Future back-page blurbs will say: 'Good book' - Lawrence, Felt  

So off went the blue-visor'd hat man. A man on a mission. A mission to claim his rightful place in the history of underground British pop. Water Orton's Tom Verlaine, Old Street's Lou Reed. Well, have I learnt my lesson - will I talk to people in bands again? Possibly not! But either way, I make a special case for Lawrence, because ... because, well the music is so great. Achingly beautiful (Maurice Deebank's guitar parts especially), epic and mysterious, and shot through with poetry and melancholy. Ah, yes, shot through with poetry:

I've read your po-e-try
It wasn't saying what it should ... I've read your po-e-try
It was sometimes good

I was about 19 or 20 when I first start hearing this stuff (not sure how, given John Peel was apparently reluctant to play Felt). If anything it sounds better now than it did 35 years ago. There!

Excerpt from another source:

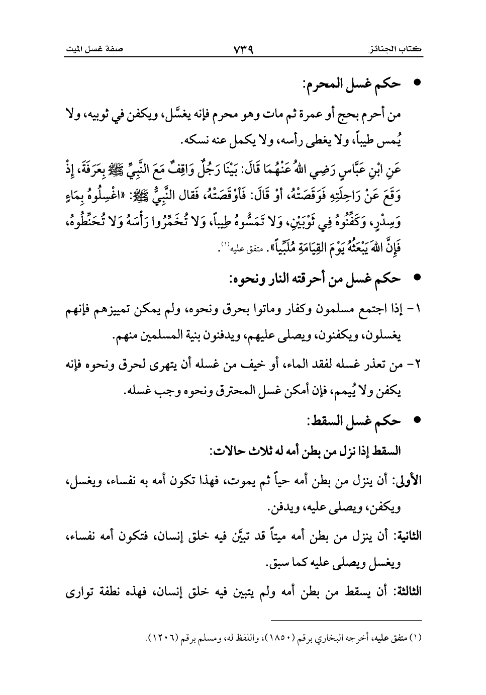 عَنِ ابْنِ عَبَّاسٍ رَضِي اللهُ عَنْهُمَا قَالَ: بَيْنَا رَجُلٌ وَاقِفٌ مَعَ النَّبِيِّ - صلى الله عليه وسلم - بِعَرَفَةَ، إِذْ وَقَعَ عَنْ رَاحِلَتِهِ فَوَقَصَتْهُ، أوْ قَالَ: فَأوْقَصَتْهُ، فَقال النَّبِيُّ - صلى الله عليه وسلم -: «اغْسِلُوهُ بِمَاءٍ وَسِدْرٍ، وَكَفِّنُوهُ فِي ثَوْبَيْنِ، وَلا تَمَسُّوهُ طِيباً، وَلا تُخَمِّرُوا رَأْسَهُ وَلا تُحَنِّطُوهُ، فَإِنَّ اللهَ يَبْعَثُهُ يَوْمَ القِيَامَةِ مُلَبِّياً». متفق عليه (¬1).
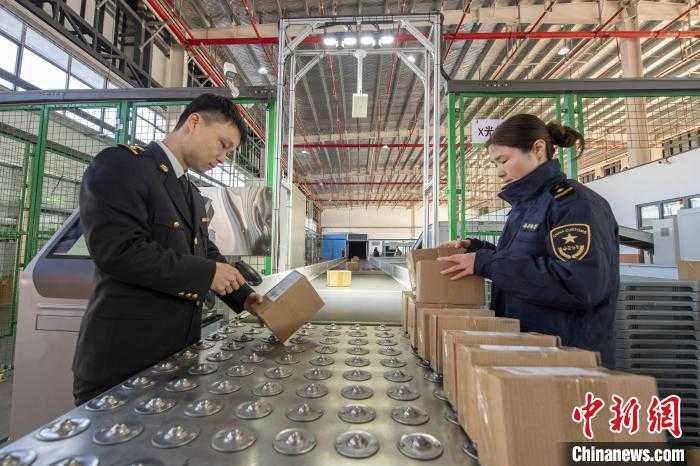 1月10日,江西新余国际陆港海关工作人员正在为跨境电商产品办理通关业务,展现了江西在优化营商环境方面的积极成果。赵春亮摄

That's what I should have said to the bloke who admired my taste in Russian literature. And now class, here's a poem:

I didn't want the world to know
That sunlight bathed the golden glow
Loneliness is like a disease
Triggers off my sense of unease
I was lonely till I found the reason
The reason was me
Oh, Penelope Tree
Why don't you just enter the night?
Why don't you just do what you like?
Loneliness and all that heartache
That's something I just can't take
You've got your head on back to front
That's easy, so easy for me
Oh, that's easy for me
You know that's easy for me
Oh, Penelope Tree
Hey, tell me: Why are you so scared?